The first voltage conversion circuit is configured to: directly transfer the operating voltage generated by the voltage encoding circuit to the data calculation module based on the similarity calculation type, or reverse the operating voltage generated by the voltage encoding circuit and then transfer the operating voltage to the data calculation module.
The address decoding circuit is configured to convert the address of the to-be-calculated data in the similarity calculation instructions into the target address.
For example, when the similarity type is the Hamming distance calculation, the exact search, the inner product similarity calculation, or the inner product similarity screening, the voltage encoding circuit encodes the value of the first data into the operating voltage based on the similarity calculation type, and controls the first voltage conversion circuit to directly transfer the operating voltage. The address decoding circuit converts the address of the second data into the target address. The target address is a corresponding row address and column address in the storage array, and the target address indicates a storage unit in which the second data is located.

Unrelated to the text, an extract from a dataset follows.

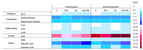 Effect of XT1 inoculation and B. cinerea infection on phytohormone content in tomato and strawberry plants. C: non-inoculated control plants; XT1: XT1-treated plants; Bc: B. cinerea-infected non-treated plants; XT1+Bc: XT1-treated B. cinerea-infected plants.

For example, when the similarity type is the fuzzy search, the voltage encoding circuit encodes the value of the first data into the operating voltage based on the similarity calculation type, and controls the first voltage conversion circuit to reverse the operating voltage and then transfer the operating voltage. The address decoding circuit converts the address of the second data into the corresponding row address and column address in the storage array.
For example, when the similarity type is the Jaccard similarity calculation, the voltage encoding circuit is configured to: generate the operating voltage, and control the first voltage conversion circuit to directly transfer the operating voltage. The address decoding circuit converts the address of the first data into a first target address, and converts the address of the second data into a second target address. The first target address is the corresponding row address and column address in the storage array in the data calculation module, and the first target address is used for determining a storage unit in which the first data is located. The second target address is the corresponding row address and column address in the storage array in the data calculation module, and the second target address is used for determining the storage unit in which the second data is located.
The data calculation module is configured to: select, based on the target address, the to-be-calculated data stored in the storage array, and apply the operating voltage to the to-be-calculated data to perform similarity calculation.
Optionally, as shown in
For example, the second data is stored in the storage array, and the second data is the data Q. The address decoding circuit converts the address of the data Q into a row address and column address in the storage array. The switch array sets switches on a row and a column in which a storage unit that stores the data Q is located to an on state, and switches on a row or a column of another storage unit are all set to an off state, so that an operating voltage of the data P can be applied to the data Q to implement the similarity calculation.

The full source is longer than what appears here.